Speaking as someone familiar with C and Rust (not so much Go!), although there's a parallel here to Rust's Traits, this actually is much closer to dyn Trait in Rust, which uses vtables and runtime polymorphism, rather than "regular" Traits in Rust, which are monomorphized versions of similar interface constraints, much closer to C++'s templates (or concepts, I'm hand waving here).

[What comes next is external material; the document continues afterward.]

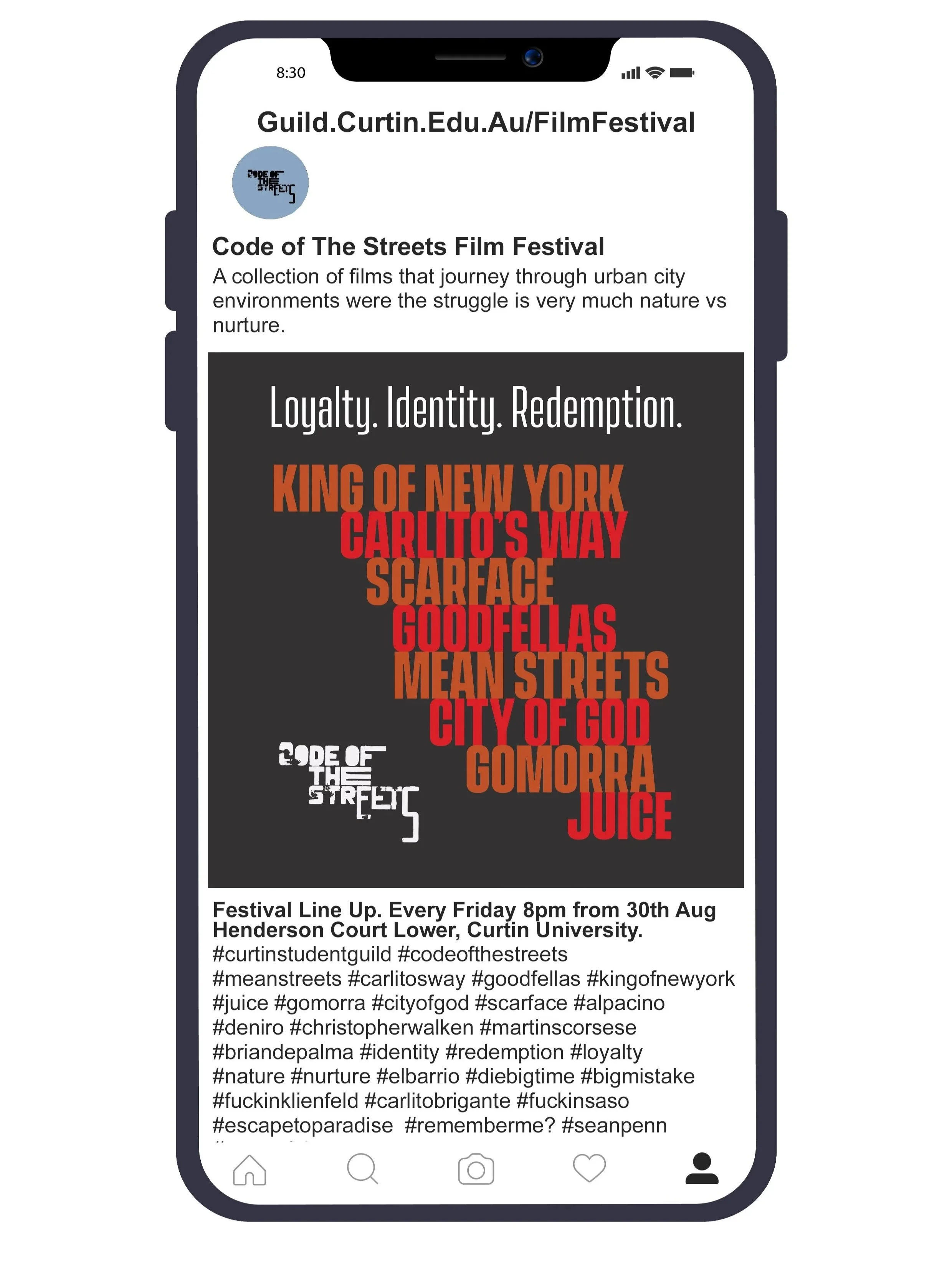 A FILM FESTIVAL BUILT ON GRIT, LOYALTY, AND THE UNWRITTEN RULES THAT SHAPE LIFE ON THE MARGINS. CODE OF THE STREETS CELEBRATES CINEMA’S MOST ICONIC URBAN CRIME STORIES, FROM CARLITO’S WAY TO CITY OF GOD, WITH A VISUAL IDENTITY THAT MIRRORS THE TENSION AND SWAGGER OF THE GENRE.

This isn't necessarily a negative, sometimes you actually prefer vtables and runtime polymorphism for various reasons like flexibility, or code size reasons. Just wanted to add some flavor for folks that aren't as familiar with Rust, that this isn't exactly how things usually work, as "regular" Trait usage is much more common than dyn Trait usage, which you have to explicitly opt-in to.
EPWN3D•47m ago
I've wound up just putting the protocol state in a struct and making the "conforming" action to have that struct in the conforming object with a standardized field name. Then just use a macro to get the protocol pointer and pass it to the protocol's implementation functions.
But I really, really wish we could have a lightweight protocol/trait feature in C. It would remove a large source of unsafe code that has to cast back and forth between void *.
jamesmunns•1h ago
This isn't necessarily a negative, sometimes you actually prefer vtables and runtime polymorphism for various reasons like flexibility, or code size reasons. Just wanted to add some flavor for folks that aren't as familiar with Rust, that this isn't exactly how things usually work, as "regular" Trait usage is much more common than dyn Trait usage, which you have to explicitly opt-in to.